Exercise objective
Transcribe exactly the stretch of lines beginning at the one containing "The watermark will" and closing with the last line of the entries below. Omit images.

*** Block opens ***

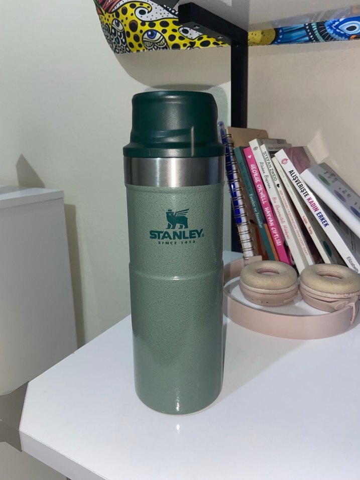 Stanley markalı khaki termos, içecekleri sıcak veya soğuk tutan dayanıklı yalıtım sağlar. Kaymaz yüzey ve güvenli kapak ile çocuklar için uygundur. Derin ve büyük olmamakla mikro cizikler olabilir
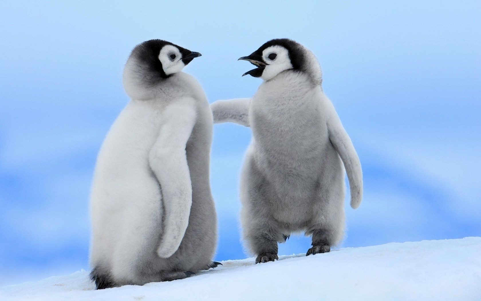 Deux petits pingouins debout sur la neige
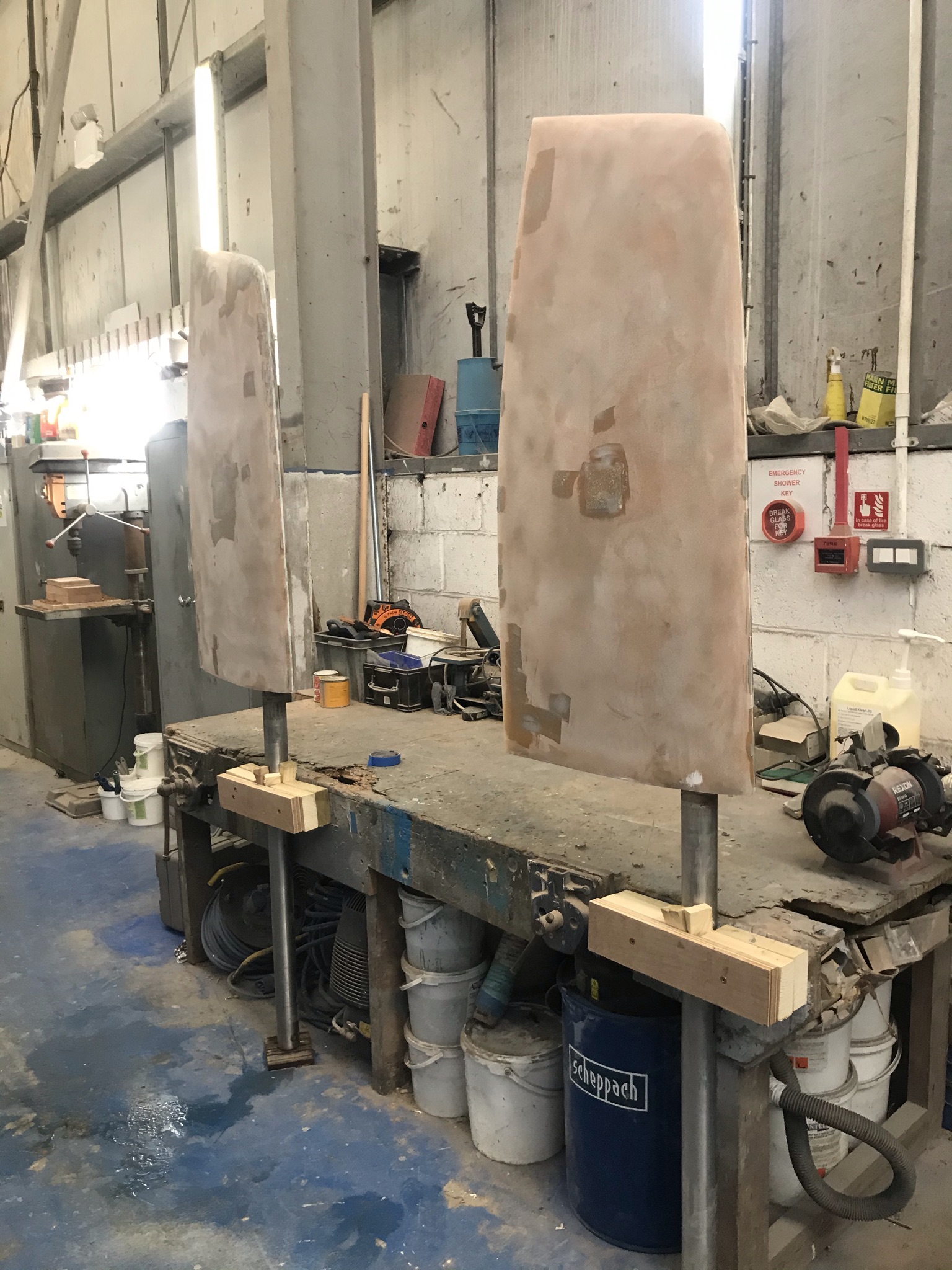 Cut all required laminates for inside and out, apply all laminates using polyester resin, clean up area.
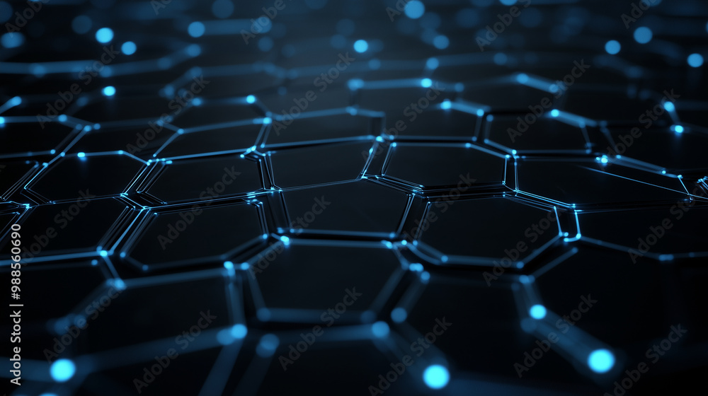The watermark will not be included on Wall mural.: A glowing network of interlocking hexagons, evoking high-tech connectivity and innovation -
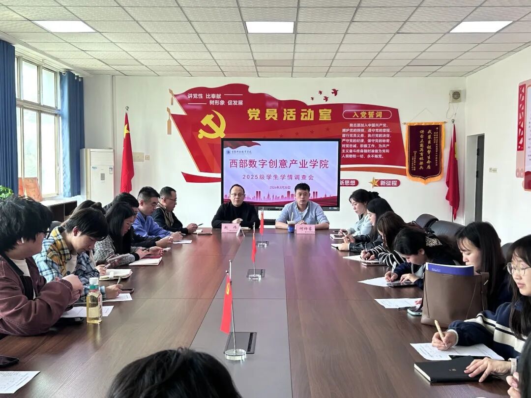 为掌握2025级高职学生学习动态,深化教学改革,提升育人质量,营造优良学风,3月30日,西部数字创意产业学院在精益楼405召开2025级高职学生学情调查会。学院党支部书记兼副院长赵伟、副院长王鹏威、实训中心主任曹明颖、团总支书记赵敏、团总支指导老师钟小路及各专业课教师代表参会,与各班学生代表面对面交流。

*** Block closes ***

Task output
The watermark will not be included on Wall mural.: A glowing network of interlocking hexagons, evoking high-tech connectivity and innovation -
 为掌握2025级高职学生学习动态,深化教学改革,提升育人质量,营造优良学风,3月30日,西部数字创意产业学院在精益楼405召开2025级高职学生学情调查会。学院党支部书记兼副院长赵伟、副院长王鹏威、实训中心主任曹明颖、团总支书记赵敏、团总支指导老师钟小路及各专业课教师代表参会,与各班学生代表面对面交流。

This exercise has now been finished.